Though he probably knows little about me, he’s already treating me like an old friend. And for once, I feel myself opening up to this unknown situation.

A brief silence settles between us. It could be awkward, but the train’s wheels rattle and the car squeaks, and no one else in the train car is talking, either. I welcome the silence in the stress of the morning, but my leg bounces against his, restless.

Near the doors, a woman stands guard over her behemoth of a suitcase. I think I recognize her from the flight. As the train pulls up to the next stop—Baron’s Court; possibly the fanciest named station, in my opinion—her suitcase rolls away, crashing into three or four people.

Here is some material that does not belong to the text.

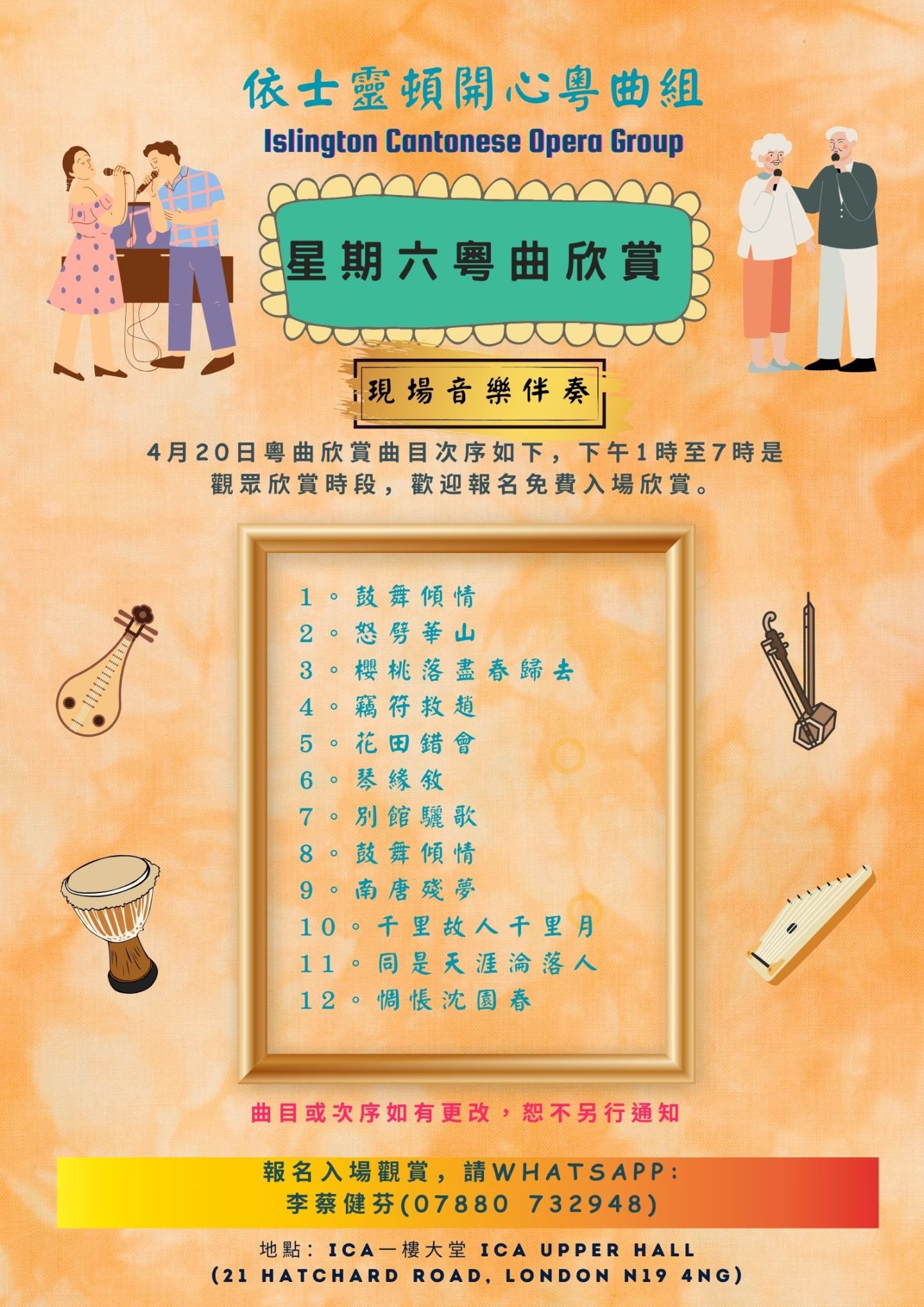 為推廣粵曲及弘揚中華文化,依士靈頓華人協會及「開心粵曲組」於2024年合作開辦「依士靈頓開心粵曲組」。由2024年1月6日起,逢星期六下午1:00至7:00是觀眾免費欣賞粵曲時段,歡迎前來ICA觀賞,報名請WhatsApp 李蔡健芬 (07880 732948)。地點:ICA一樓大堂 (21 Hatchard Road, London N19 4NG)。

The woman apologizes, giggles (meanwhile, I’m so embarrassed for her I could die), and a businessman in a well-tailored suit flashes a strained smile, but doesn’t offer to guide the suitcase back to its owner. The moment she turns, the guy scowls and shakes out his newspaper.

“That’s British generosity for you,” Pierce says. “Note the fake smile, the passive-aggressive demeanor. It’s an art form.”

“Hopefully I’ll have time to practice this art,” I say. “Though my parents would probably say I have the passive-aggressive thing down. Megan would too. Okay, maybe I will fit in here.”

“You’re seriously going to love this country. You plan to travel any?”

I think back to the money in my bank account, and my palms start to sweat again.